**EXERCISE**.
Nothing but the lines from the one with "Тянущееся кольцо из" through the end of the listing should be reproduced, each exactly and with pictures omitted.

**DATA BELOW**.
____
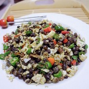 干臭豆子、青红辣椒、葱、鸡蛋、花生油。
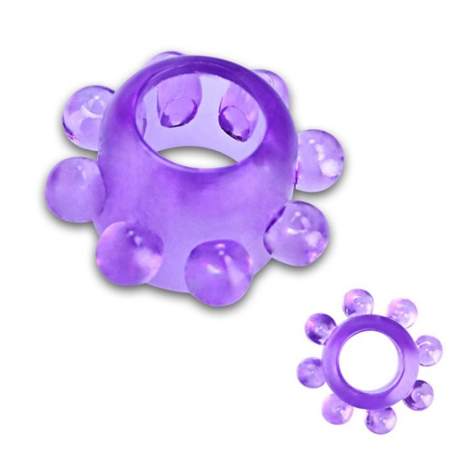 Тянущееся кольцо из фиолетовой эластичной термопластичной резины на пенис со стимулирующими элементами для обоих партнеров.
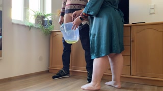 Dear mother-in-law takes off her panties and pees with her legs wide open in a bucket next to her so
____
**SOLUTION FOR THIS EXERCISE**.
 Тянущееся кольцо из фиолетовой эластичной термопластичной резины на пенис со стимулирующими элементами для обоих партнеров.
 Dear mother-in-law takes off her panties and pees with her legs wide open in a bucket next to her so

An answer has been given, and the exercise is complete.